Myrna woke up with a start and sensed a strange silence in the air. She quickly flipped on an electric switch and when the lights came on she breathed a sigh of relief. Dawn was just breaking so she went back to bed and pulled the comforter over her head. Something just did not feel right. As she rolled from side to side she wondered if she should just get up, have some coffee, and begin the day.

As the scent of coffee filled the air she pressed the on button on her computer and waited for the internet to come up. Twenty minutes later the screen still did not hold her Yahoo home page which she found quite odd. She flipped the TV on and found out the world was abuzz that the internet had suddenly disappeared over night. It seems the TSA had shut the whole shebang down and what was once a daily ritual of information was going to resume in a few weeks as solely an interactive propaganda and information mining run by a Chinese filtering machine. It was no surprise as in the last few weeks the net gates had gotten a little rickety and Google and Facebook went the way of MySpace.

Myrna had no landline,  her smartphone was as useless as a coaster, and now as obsolete as a door stop. The androids that were run by Samsung with all their Google tidbits wired in had already died a slow death a month ago. Techies had said the bottlenecks were getting narrower and the thirteen main facilities that controlled the internet had their clusters of root servers taken down. Even the tier 1 providers like AT&T and Canle and Wireless no longer controlled a thing and now Twitter was something the birds did.


She quickly got dressed and decided to go out and buy a newspaper.
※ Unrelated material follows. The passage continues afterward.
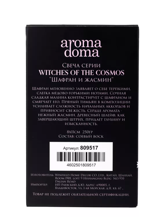 "Witches of the cosmos" Свеча "Шафран и жасмин" 8x11см
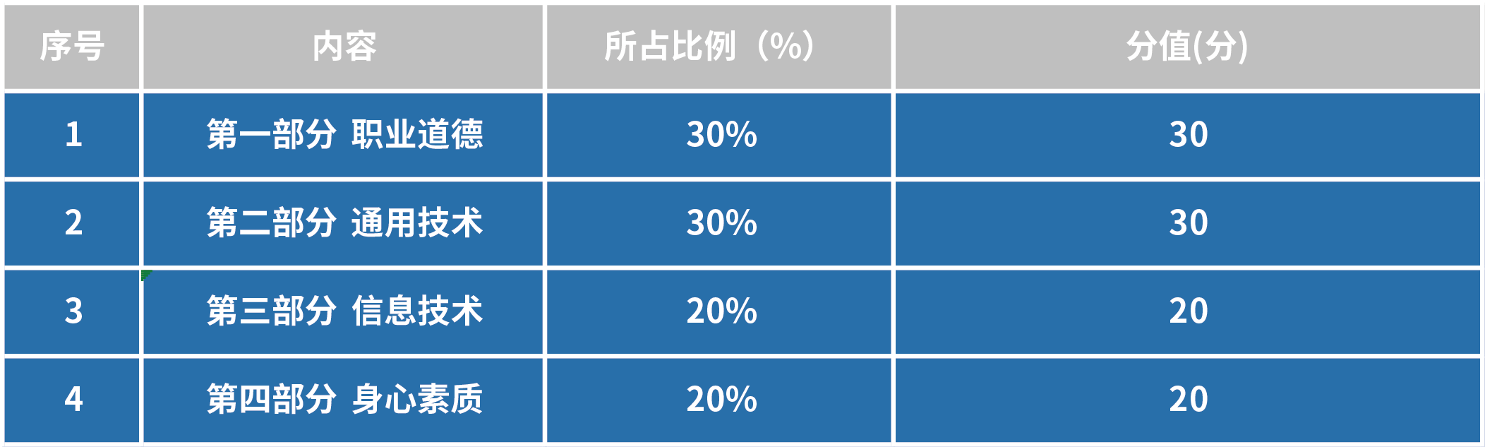 占50分,職業(yè)適應(yīng)性測試占100分。職業(yè)適應(yīng)性測試為選拔性測試,主要考查考生從事生產(chǎn)、建設(shè)、服務(wù)、管理等一線工作所必備的基本職業(yè)素質(zhì)或技能。

Immediately she found out the world had changed over night. The porn filmmaker Vivid was now going public and their stock was skyrocketing already as there was no more competition and soon they would re-open up 100's of shuttered video stores.

As she slowly scanned the newspaper she noticed words were spelled wrong as writers had to remember how to spell again without the benefit of red squiggly lines informing them of misspelled words. Those that had been addicted to the internet had suddenly become illiterate. Classified ads were three times their size due to the loss of Craigslist and Nigerians were placing ads informing of many long lost relatives that had left millions of dollars to be claimed.  Ebay had been replaced by upcoming fleamarkets and Keyboard Cat tribute shows were now all the rage.



As she slowly sipped her coffee there was a knock at the door. It was a door-to-door salesmen selling hard bound volumes of "WIKIPEDIA: 2013 EDITION"  and magazines were being delivered from her once favourite online shopping haunts. Tower Records was now going to re-open their stores with a door crasher of all CDS for $99.99 each. Myrna wished she could have gotten all the music she could have before they had pulled the plug, as now the human race was back in the stone age soon to wipe each other out.

Eighth story from a series called:

"Linda's Dreadful Dark Tales"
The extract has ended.